The undersigned acknowledges that the foregoing attorney-in-fact, in serving in such capacity at the request of the undersigned, is not assuming, any of the undersigned's responsibilities to comply with the securities laws of the United States.
This Power of Attorney shall remain in full force and effect until the undersigned is no longer required to file Forms with respect to the undersigned's holdings of and transactions in securities, unless earlier revoked by the undersigned in a signed writing delivered to the foregoing attorney-in-fact.
IN WITNESS WHEREOF, the undersigned has caused this Power of Attorney to be executed as of this 1st day of June, 2004.
/s/ Charles E. McCarthy
POWER OF ATTORNEY
KNOW ALL BY THESE PRESENTS that the undersigned hereby appoints Murray A Indick, with full power of substitution, as my attorney-in-fact, to act in my name, place and stead in any way which I myself could do, if I were personally present, and to take all actions that she or he may deem necessary or appropriate in connection with the completion, execution and filing with the Securities and Exchange Commission, in my name and on my behalf, of a Form ID and any subsequent filings, submissions or correspondence relating thereto, and also to complete, execute and file with the Securities and Exchange Commission, in my name and on my behalf, any Forms 144, 3, 4 or 5 and any Schedules 13D or 13G (collectively, the "Forms") with respect to the undersigned's holdings of and transactions in securities that require such filings.
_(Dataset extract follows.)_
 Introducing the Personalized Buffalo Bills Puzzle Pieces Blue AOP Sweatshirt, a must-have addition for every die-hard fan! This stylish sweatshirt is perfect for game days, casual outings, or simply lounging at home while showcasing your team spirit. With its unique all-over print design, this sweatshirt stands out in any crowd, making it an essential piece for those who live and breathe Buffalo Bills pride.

The foregoing attorney-in-fact also is authorized to file Forms with any stock exchange or other authority where such filing is required.
The undersigned acknowledges that the foregoing attorney-in-fact, in serving in such capacity at the request of the undersigned, is not assuming, any of the undersigned's responsibilities to comply with the securities laws of the United States.
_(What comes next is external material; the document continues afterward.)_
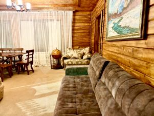 - Гостиная с панорамным остеклением (2 гостя). Панорамные окна от пола до потолка открывают живописный вид на горы. Отдельная обеденная зона для общих завтраков, ужинов или веселых посиделок.

This Power of Attorney shall remain in full force and effect until the undersigned is no longer required to file Forms with respect to the undersigned's holdings of and transactions in securities, unless earlier revoked by the undersigned in a signed writing delivered to the foregoing attorney-in-fact.
IN WITNESS WHEREOF, the undersigned has caused this Power of Attorney to be executed as of this 1st day of June, 2004.